In each section, I will copy the interesting snippets of code but you can find the whole script here.
I keep things really simple. The source blocks and the destination blocks segment the image as a grid, as on the image above.
The size of the blocks are powers of two as it makes things easier. The source blocks are 8 by 8 while the destination blocks are 4 by 4.
There exist more advanced schemes for segmentation. For instance, we can use a quadtree to segment more the areas with lots of details.
In this section, we will show how to construct the contractions from \(D_{k}\) to \(R_l\).
Remember that we want to generate a mapping \(f_l\) such that \(f(x_{D_k})\) is near to \(x_{R_l}\). So, the more mappings we generate, the more likely we are to find a good one.
However, the quality of the compression depends on the number of bits necessary to save \(f_l\). So if we have a set of functions that is too large, the compression will be bad. There is a tradeoff to find.
I chose that \(f_l\) will have the following form: \(f_l(x_{D_k}) = s \times rotate_{\theta}(flip_d(reduce(x_{D_k}))) + b\)

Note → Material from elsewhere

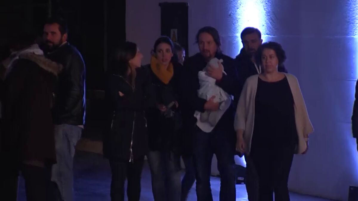 - Pablo Iglesias ha llegado acompañado de Irene Montero y sus hijos, en brazos
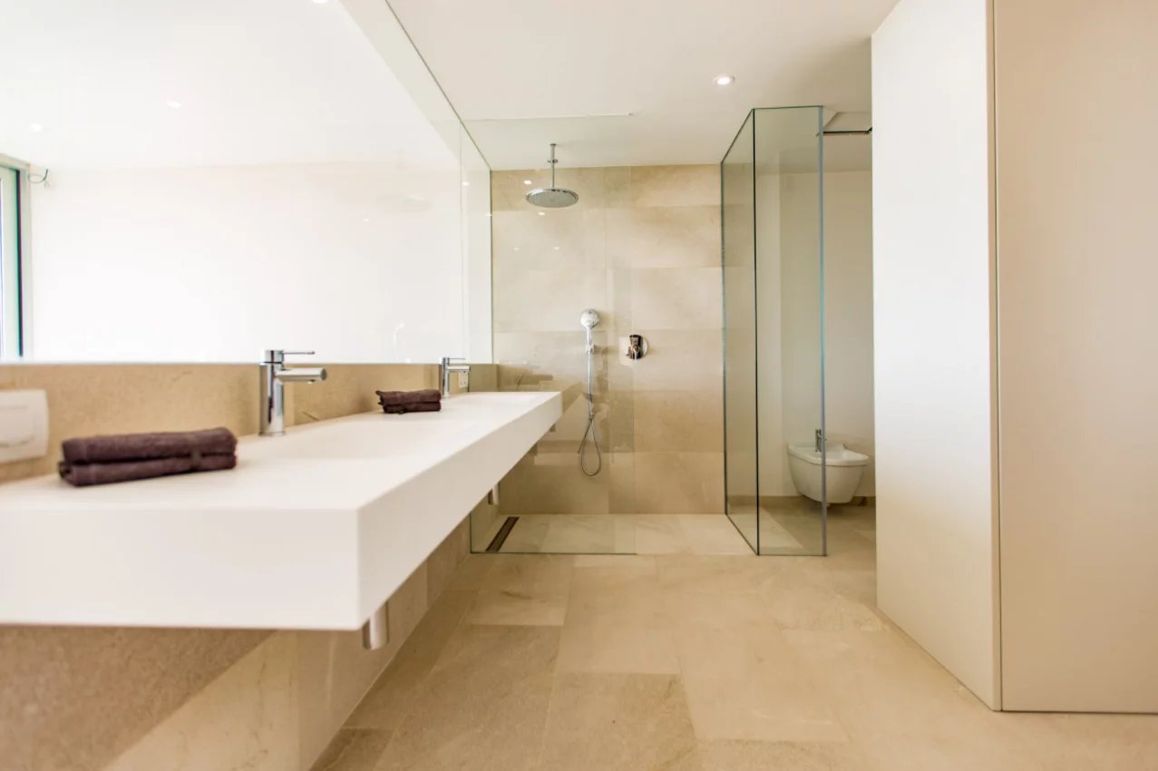 It combines native Mediterranean materials such as stone in the facades with noble Nordic materials such as parquet and a very contemporary design that allows you to enjoy the view and the brightness of the area thanks to the large glass surfaces.

where \(reduce\) is a function to go from 8 by 8 blocks to 4 by 4 blocks, \(flip\) and \(rotate\) are affine transformations, \(s\) changes the contrast and \(b\) the brightness.
The function reduce
reduces the size of an image by averaging neighborhoods:
def reduce(img, factor):
result = np.zeros((img.shape[0] // factor, img.shape[1] // factor))
for i in range(result.shape[0]):
for j in range(result.shape[1]):
result[i,j] = np.mean(img[i*factor:(i+1)*factor,j*factor:(j+1)*factor])
return result
The function rotate
simply rotates by the given angle the image:
def rotate(img, angle):
return ndimage.rotate(img, angle, reshape=False)
In order to preserve the shape of the image, the angle \(\theta\) will be in \(\{0^{\circ}, 90^{\circ}, 180^{\circ}, 270^{\circ}\}\).
The function flip
flips the image if direction
is equal to -1 and does not if it is equal to 1:
def flip(img, direction):
return img[::direction,:]
The whole transformation is done by the function apply_transformation
:
def apply_transformation(img, direction, angle, contrast=1.0, brightness=0.0):
return contrast*rotate(flip(img, direction), angle) + brightness
We need 1 bit to remember if we flip or not and 2 bits for the angle of rotation. Moreover, if we save \(s\) and \(b\) using 8 bits each then we need only 19 bits in total to save the transformation.
Moreover, we should check that these functions are contractions. The proof is a bit tedious and we do not care much. Maybe I will add it in appendix later.
The algorithm for compression is simple. First we generate all possible affine transformations of all source blocks using the function generate_all_transformed_blocks
:
def generate_all_transformed_blocks(img, source_size, destination_size, step):
factor = source_size // destination_size
transformed_blocks = []
for k in range((img.shape[0] - source_size) // step + 1):
for l in range((img.shape[1] - source_size) // step + 1):
# Extract the source block and reduce it to the shape of a destination block
S = reduce(img[k*step:k*step+source_size,l*step:l*step+source_size], factor)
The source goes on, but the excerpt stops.